= Thamsanqa Mahlangu =

Zimbabwean politician (died 2015)

Thamsanqa Mahlangu (27 April 1971 – 5 October 2015) was a former MDC politician and was also the Zimbabwe Deputy Minister of Youth Development, Indigenisation and Empowerment. He was the Member of House of Assembly for Nkulumane (MDC-T).

He was also the Chairman of the MDC-T Youth wing. On 21 June 2009, he addressed youths gathered at Emakhandeni Hall commemorating the 16 June Soweto uprising. He pledged to take the issue of funding of families of youths who died due to their activism (such as Mthokozisi Ncube) to the National Council. He presented a food hamper to Ncube's Sister. The Hamper was organised by the Party's Youth Wing from Bulawayo Province led by Bekithemba Nyathi (who was also injured on the eye some years back due to political violence in Zimbabwe). Also present were orators such as Mr Reason Ngwenya (ZCTU and chairman for BuPRA, Hon Dorcus Sibanda, Desmond Makhaza, Charles Munjenjema (Student Activist), Tronix from Magwegwe and representatives from all provinces.

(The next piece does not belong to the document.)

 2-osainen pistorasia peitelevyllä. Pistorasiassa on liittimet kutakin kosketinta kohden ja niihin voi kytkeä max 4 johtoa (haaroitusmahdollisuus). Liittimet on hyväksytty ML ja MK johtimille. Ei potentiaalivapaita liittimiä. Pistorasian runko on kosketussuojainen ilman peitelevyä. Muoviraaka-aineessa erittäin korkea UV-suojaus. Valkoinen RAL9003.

Thamsanqa Mahlangu attended the first ever water summit held earlier in 2009. He was instrumental in motivating youths to participate in youth activities nationally. A group known as Victory Siyanqoba (Arts Group in Nkulumane ) sang about his contributions to the youth movement in their album.

Mahlangu died on 5 October 2015 of cancer.